История, которую я хочу вам поведать, тоже вас вряд ли удивит.

Началось это так. Фермер Роберт Чердон объявил Биллу Стоу, что увольняет его – якобы за безделье. Несчастный, дрожащий от ужаса Билл принялся уговаривать хозяина:

– Побойтесь Бога, мистер Чердон. Не губите мою жену и детишек. Одумайтесь!

– Ты, никак, меня за дурака принимаешь? – воскликнул Роберт Чердон. – Я уже подумал, и предостаточно. Я ни времени, ни денег зря не трачу! Пшел вон!

И тут бедняга Билл промолвил:

– Когда тебе, жене или деткам твоим во мне нужда придет, мне тоже не захочется тратить денег и времени.

– В бездельниках не нуждаюсь, – оборвал его Чердон. – И на старость у меня деньги отложены. Кабы я в жизни на бездельников полагался, не было б у меня сейчас хлебородных полей, сочных пастбищ и двухсот голов скота, не было б лавки на Костном рынке, трактира в Подкостье, мельниц на Медвяной речке... И кругленькой суммы в Костаунском банке тоже бы не было. В тебе, Стоу, и тебе подобных я никогда нуждаться не буду. Ты тут деток моих поминал, так у меня их нету. Хотя я десяток запросто прокормлю и не охну. И на внуков хватит. Не мне, а тебе нужда грозит, да не когда рак на горе свистнет, а сегодня, сейчас. Хоть по миру с сумой иди, от меня жалости не дождешься.

С тем Стоу и ушел. В тот вечер в Подкостье только и слышно было разговоров, что о жестокосердном богатее.

В деревеньке было с полсотни домишек, и едва ли не в каждом могли припомнить Чердону зло или обиду. Батраков своих он гонял с рассвета до полуночи за жалкие гроши – так мало никто в округе не платил за работу. Сделки заключал бесчестные, не моргнув глазом обводил соседей вокруг пальца, в церковную кружку ни единой монетки не бросил и приходской школе ничего не пожертвовал.
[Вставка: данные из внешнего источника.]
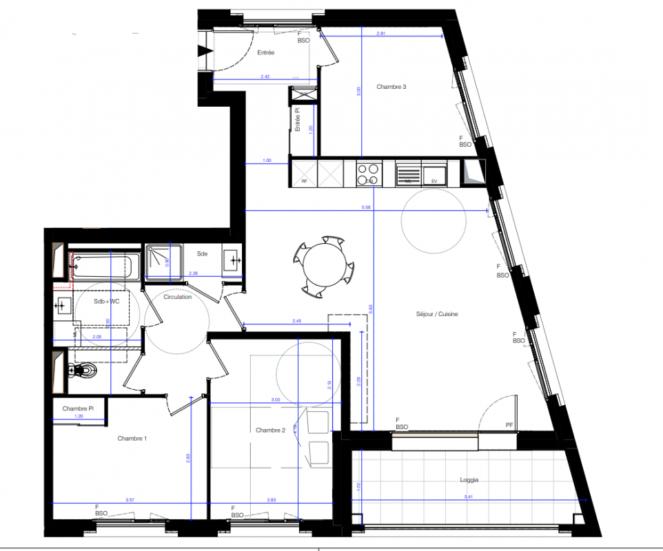 *Pour les logements du bâtiment T1 : brise-soleil à lames orientables.

Трактирщиком у него служил запуганный старикашка, его старый знакомец, Чердон помыкал им как хотел и запрещал продавать пиво в долг – ни кружки, ни даже полкружки. Слуг своих он рассчитывал за малейшую провинность, а подвернется кухарка подешевле – он прогонит прежнюю просто так: мол, суп пересолила или мясо не дожарила. Один крестьянин брал у него снятое молоко – свинью кормить. Так пришлось ему за это продать Чердону полсвиньи – иначе богатей молока не продавал. Чердон даже колоски на своих полях не разрешал после жатвы подбирать, а нищих гнал от ворот прочь. И процветал. С каждым годом становилось у Чер-дона больше золота и земли, больше скота и птицы. Его сено, зерно, овцы и фрукты считались лучшими в округе, он всегда заламывал за них баснословно высокую цену. И греб деньги лопатой. А соседи и батраки боялись Чер-дона и ненавидели его лютой ненавистью. Да и не мудрено. Ведь, пока он богател, деревня приходила в упадок. Гибли фруктовые деревья, крыши протекали, дети плакали от голода. Всю деревню вверг в нужду жестокосердный богатей. И повсюду – от Подкостья до Костауна и дальше, вниз по Медвяной речке, люди винили в своих тяжких бедах Роберта Чердона. Ведь это их денежки – за пиво в трактире, за помол на мельнице, за малое и большое – перетекали в его карманы, а оттуда – на счет в Костаунский банк.

Может, так бы все и шло, но жалкие угрозы бедняги Билла Стоу запали в душу богача. И переменили его судьбу. Так и стучало порой в голове:

«Когда тебе, жене или деткам твоим придет во мне нужда...»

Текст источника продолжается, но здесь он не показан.